#### Information supplied
+--
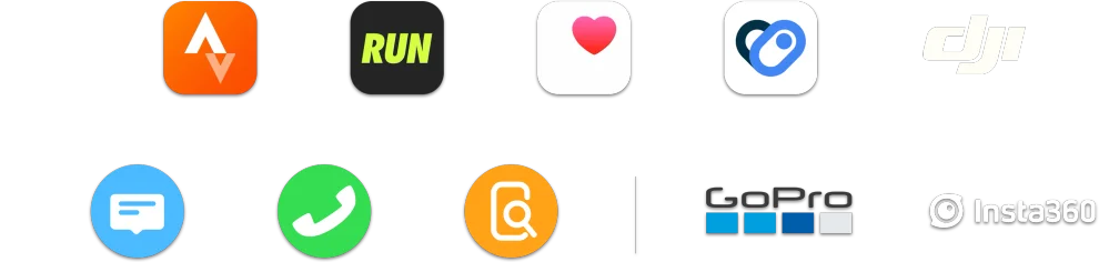 COROS 可连接多款 APP 同步数据,如 Strava、Apple Health,支持手表获取短信、电话提醒,控制使用运动相机——一切尽在腕上。
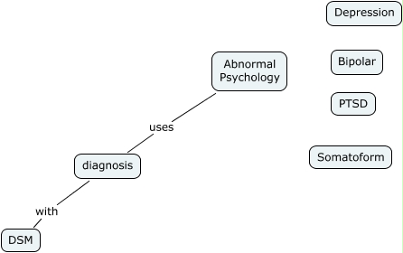 This Concept Map, created with IHMC CmapTools, has information related to: christen barden 20083, Abnormal Psychology uses diagnosis, diagnosis with DSM
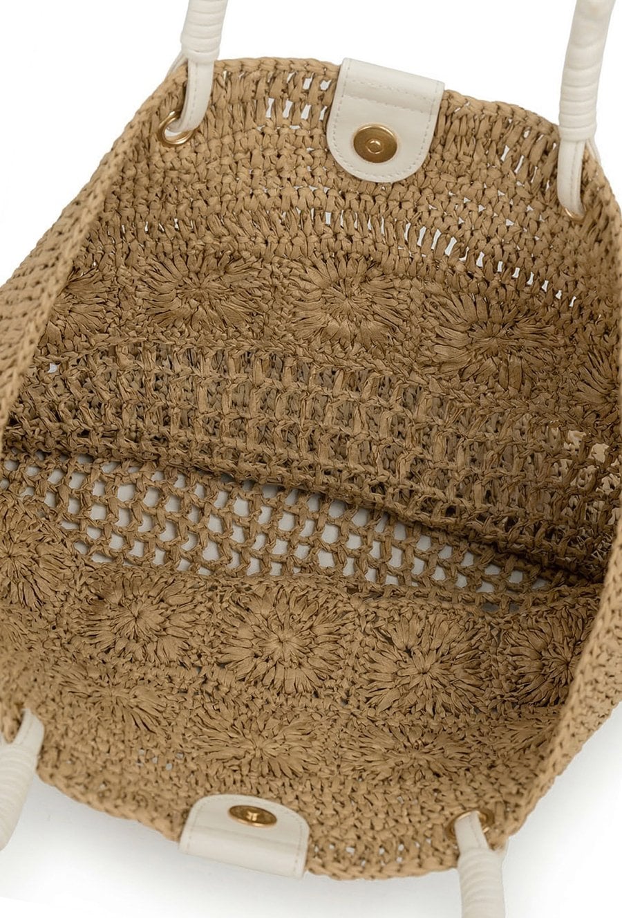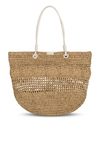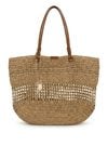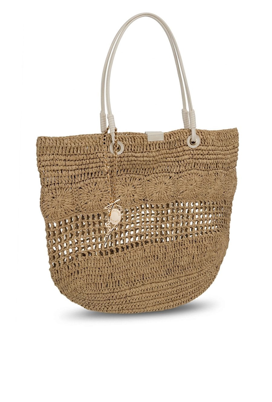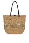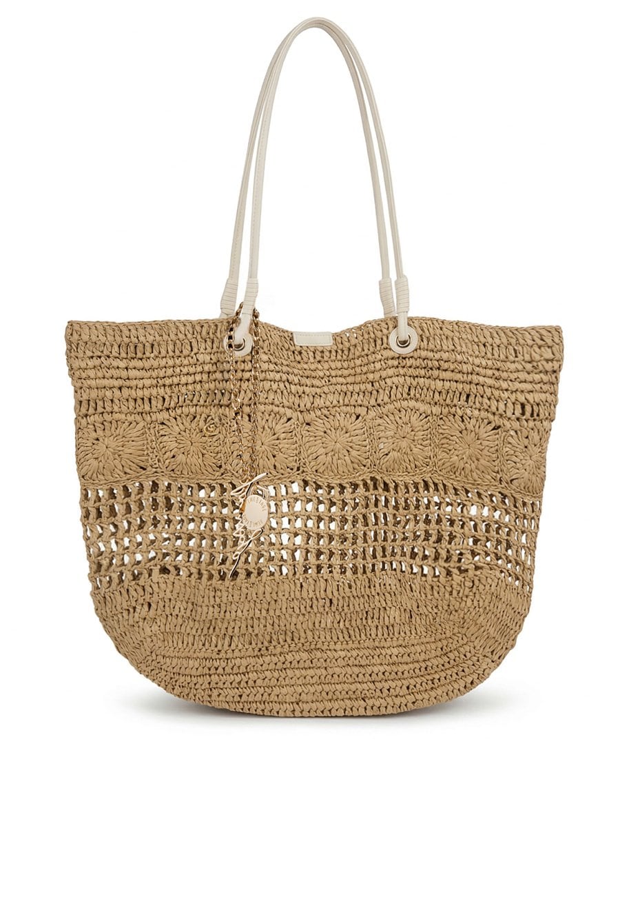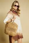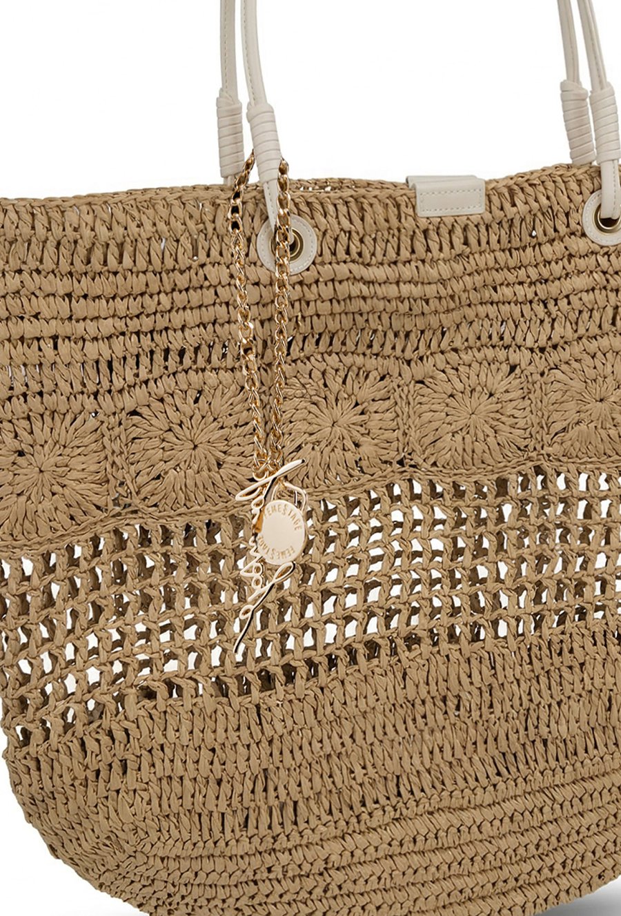 Pleciony koszyk damski, idealny do letnich stylizacji. Jednokomorowy model zapinany na napę, zawieszony na rączkach. Torebkę zdobi łańcuszek z logo marki Femestage. Torbę należy przechowywać w dołączonym woreczku. Wymiary: 45 cm x 38 cm x 11
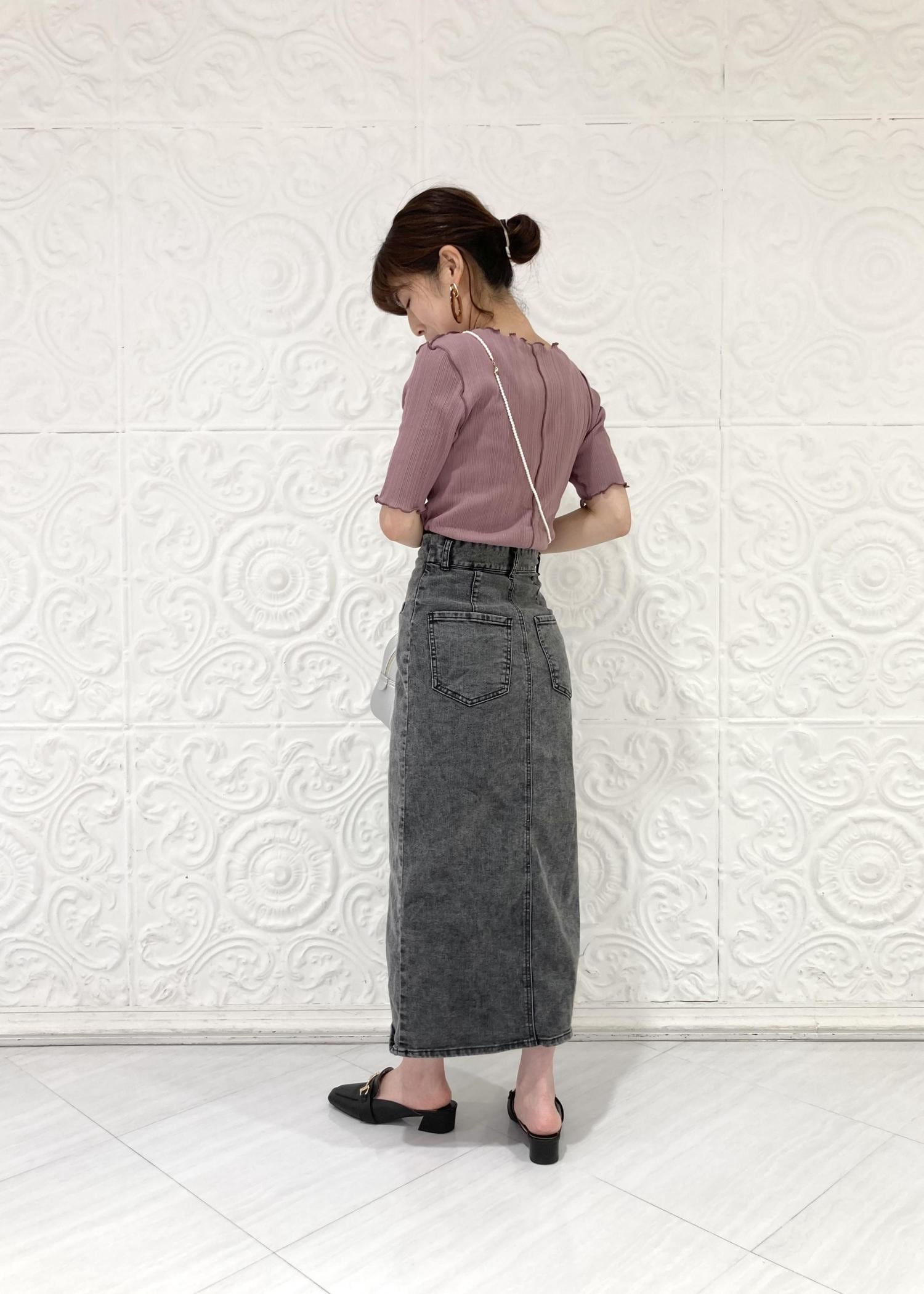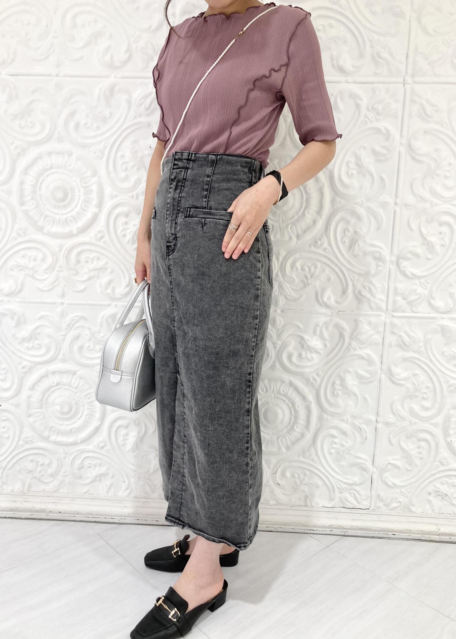 くすみパープルとスッキリ着られるIラインのスカートで大人カジュアルなイメージ⭐︎
+--
#### Aim of the task
Exactly restate the lines from the beginning of the data through the line with "This Concept Map, created", and no others, keeping pictures out.

#### Response
 COROS 可连接多款 APP 同步数据,如 Strava、Apple Health,支持手表获取短信、电话提醒,控制使用运动相机——一切尽在腕上。
 This Concept Map, created with IHMC CmapTools, has information related to: christen barden 20083, Abnormal Psychology uses diagnosis, diagnosis with DSM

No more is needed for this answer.